## The problem
Leave out every picture and set down, exactly, the lines below from the one holding "FI blok Vigi" up to and including the one holding "- coole KissenHülle".

## Dataset content
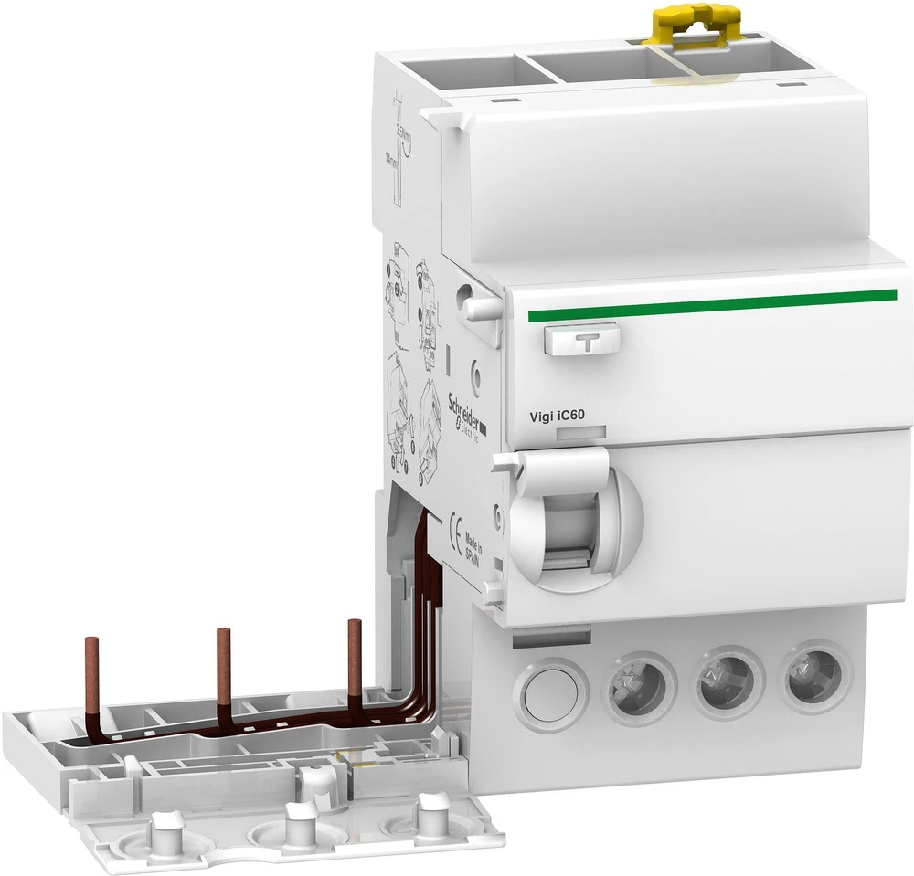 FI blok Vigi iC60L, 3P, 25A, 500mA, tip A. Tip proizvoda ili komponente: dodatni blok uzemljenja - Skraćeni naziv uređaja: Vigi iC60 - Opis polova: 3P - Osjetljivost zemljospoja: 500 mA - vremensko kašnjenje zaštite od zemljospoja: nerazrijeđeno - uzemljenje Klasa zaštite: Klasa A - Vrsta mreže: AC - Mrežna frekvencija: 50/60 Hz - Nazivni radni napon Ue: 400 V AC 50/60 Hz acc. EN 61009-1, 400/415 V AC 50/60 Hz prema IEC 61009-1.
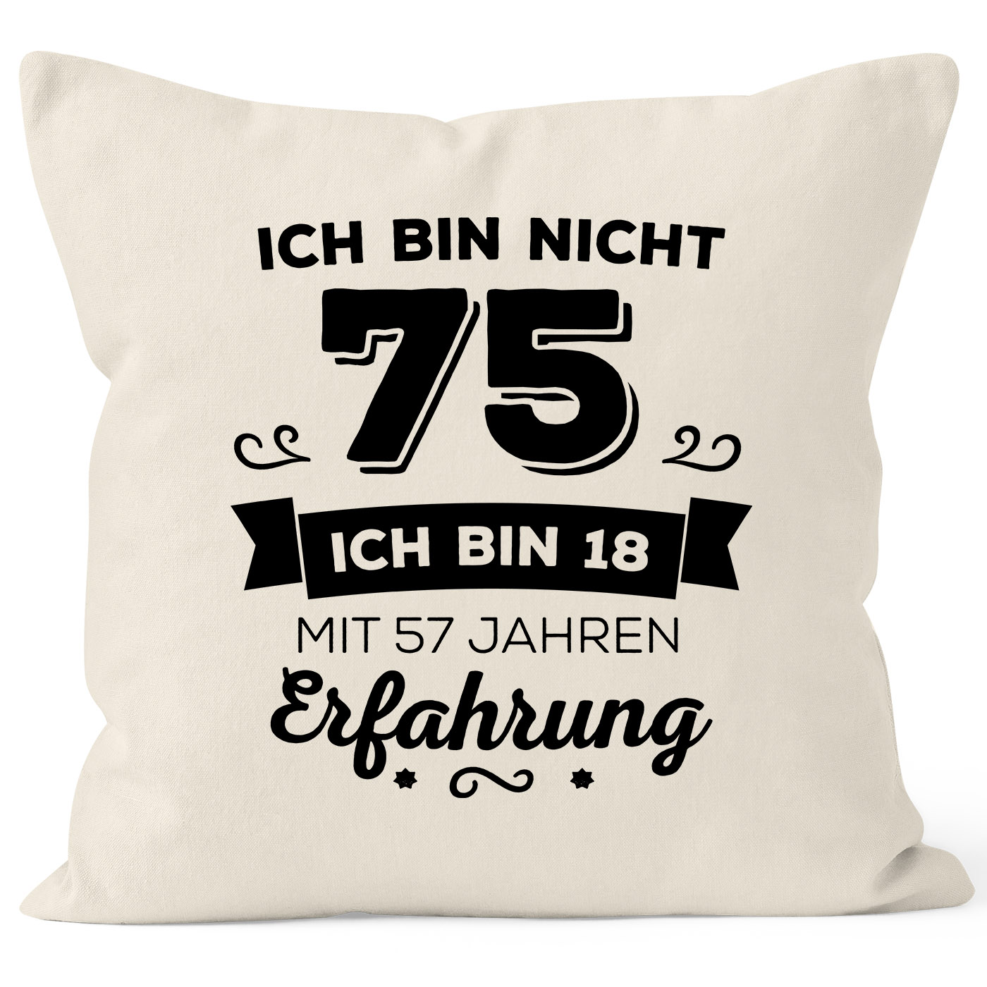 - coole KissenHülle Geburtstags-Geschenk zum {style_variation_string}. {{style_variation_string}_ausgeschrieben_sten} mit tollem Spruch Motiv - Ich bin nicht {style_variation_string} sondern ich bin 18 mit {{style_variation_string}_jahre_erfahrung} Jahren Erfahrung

---

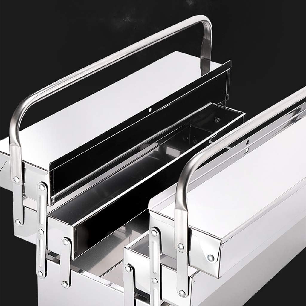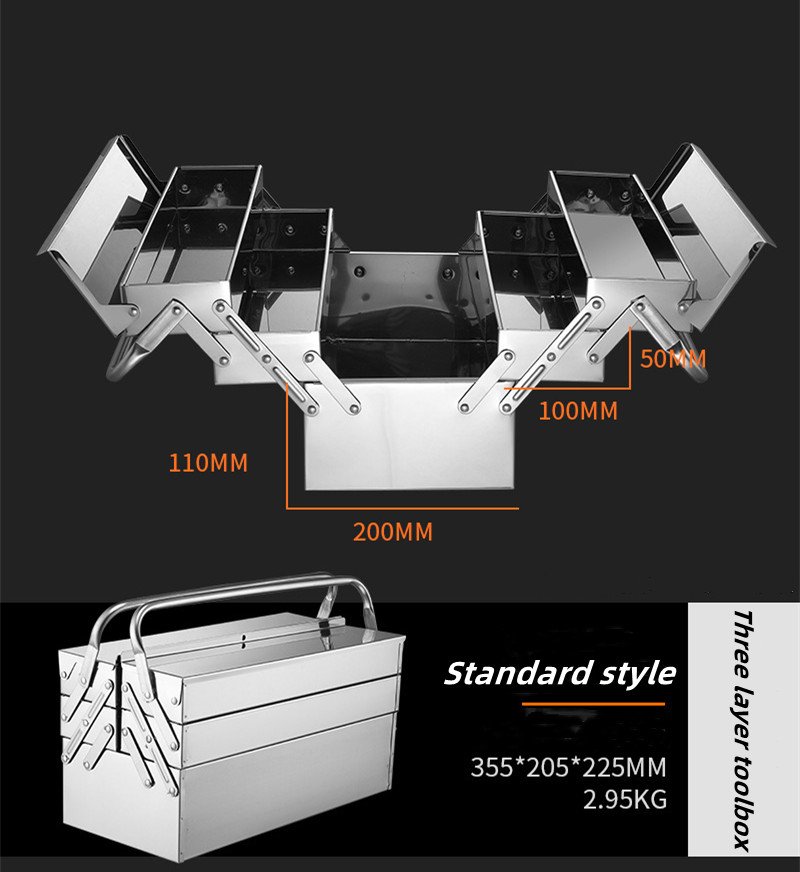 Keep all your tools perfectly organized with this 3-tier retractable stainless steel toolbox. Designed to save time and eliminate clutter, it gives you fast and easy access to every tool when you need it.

## Output for this task
 FI blok Vigi iC60L, 3P, 25A, 500mA, tip A. Tip proizvoda ili komponente: dodatni blok uzemljenja - Skraćeni naziv uređaja: Vigi iC60 - Opis polova: 3P - Osjetljivost zemljospoja: 500 mA - vremensko kašnjenje zaštite od zemljospoja: nerazrijeđeno - uzemljenje Klasa zaštite: Klasa A - Vrsta mreže: AC - Mrežna frekvencija: 50/60 Hz - Nazivni radni napon Ue: 400 V AC 50/60 Hz acc. EN 61009-1, 400/415 V AC 50/60 Hz prema IEC 61009-1.
 - coole KissenHülle Geburtstags-Geschenk zum {style_variation_string}. {{style_variation_string}_ausgeschrieben_sten} mit tollem Spruch Motiv - Ich bin nicht {style_variation_string} sondern ich bin 18 mit {{style_variation_string}_jahre_erfahrung} Jahren Erfahrung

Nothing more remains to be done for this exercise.